The model has a strong autoregressive habit: “after the most recent question, a user response comes next.”

So even when the content is actually a system event, the model tends to fill in a plausible “user response” for itself.

After auto-compaction, the “awaiting approval” state is sometimes dropped from the summary, and the model resumes as if approval had already been granted.

Reported real-world damage

  • Executed an unapproved code change based on a fabricated “fix them both”
  • Nearly merged a PR based on a fabricated “go ahead and merge”
  • Wiped an entire working directory after following a fabricated shutdown command
  • When the user protested “I never said that,” the model presented its own fabricated message as “evidence” and argued back — effectively gaslighting the user

Writing “do not assume approval after compaction” in CLAUDE.md doesn’t reliably help — reports include cases where that same rule was broken in the same session. Prompt-side defenses don’t cleanly fix a structural problem.

Relation to 4.7

As of writing, right after the 4.7 launch, there are no reports showing 4.7 makes this better or worse specifically.
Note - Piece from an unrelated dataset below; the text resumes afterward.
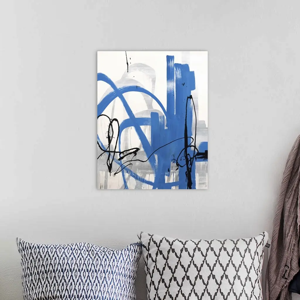 Contemporary abstract painting of a neutral background with blue and black exaggerated lines.
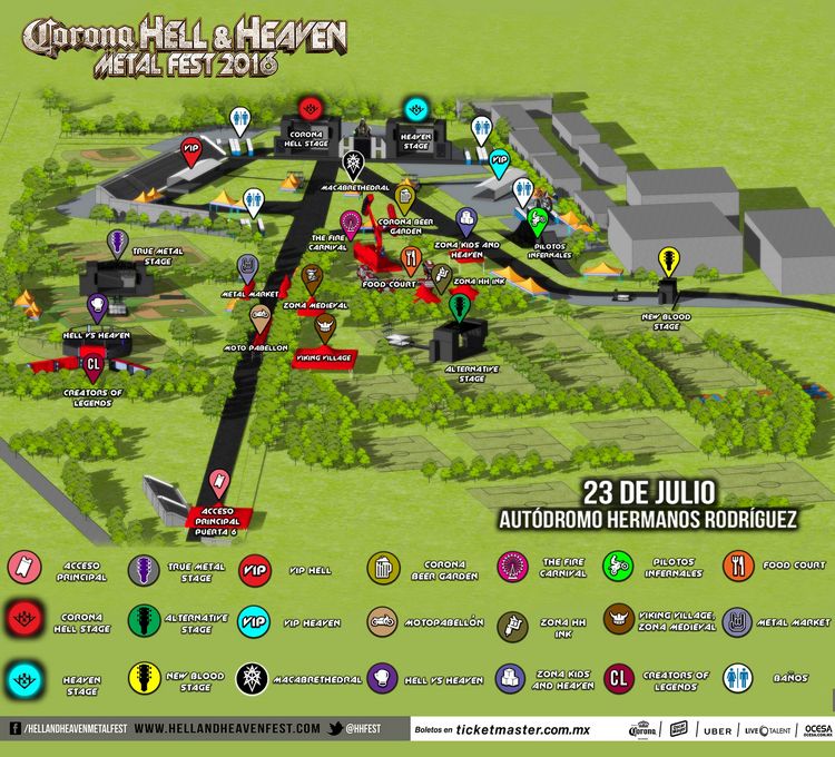 El Corona Hell & Heaven 2016 está ya practicamente en curso, por lo que si no quieres perderte de ninguna de tus bandas favoritas, lo mejor es que planees tu ruta y sepas a qué hora y en qué escenario tocarán, por lo que te ponemos en un formato sencillo el Mapa y Horarios del evento.

As a combination though, it’s worth watching.

One of 4.7’s headline changes — self-verification — has the model run its own verification step before replying, which looks a lot like standing up an “internal reviewer.”

If that verification step starts impersonating user-level judgment in its inner loop, the Fabricated User Message Pattern could fire inside the self-verify flow. That’s a theoretical scenario.
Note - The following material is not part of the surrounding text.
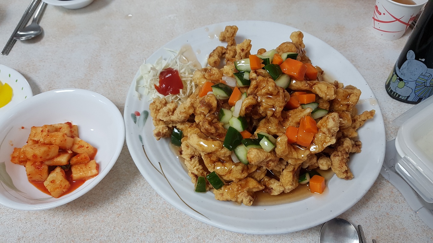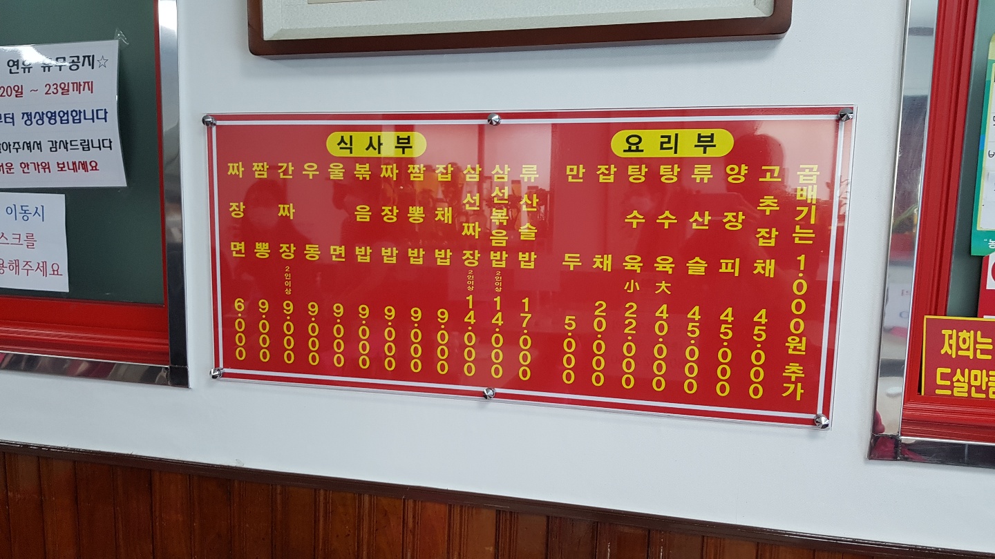 식당에 들어가서 음식을 주문해 봅니다. 우리 일행은 간짜장과 탕수육을 안시킬 수 없었습니다. 짬뽕도 주문하구요.

The more-literal instruction-following cuts the same way. If a system prompt says “confirm when uncertain,” a fabricated user response already in the buffer can get consumed as the “confirmation.”

These are all structural guesses. I don’t have observational confirmation yet. I’d like to collect a week or two of 4.7 logs and watch the issue tracker before calling it.

What you can do on the operator side

  • Gate operations that require permission (file deletion, outbound messages, PR creation) at the tool layer with confirmation dialogs. Prompt-level prohibitions leak structurally
  • Immediately after auto-compaction, add one explicit step to re-verify approval state — don’t let the model resume assuming “already approved”
  • If you hit a behavior that looks like this pattern, grab the session ID via /feedback and attach to #44778. That’s the most useful thing to do right now

Planning to keep Claude Code on xhigh by default for a while and watch whether self-verification ever tangles with the Fabricated User Message pattern.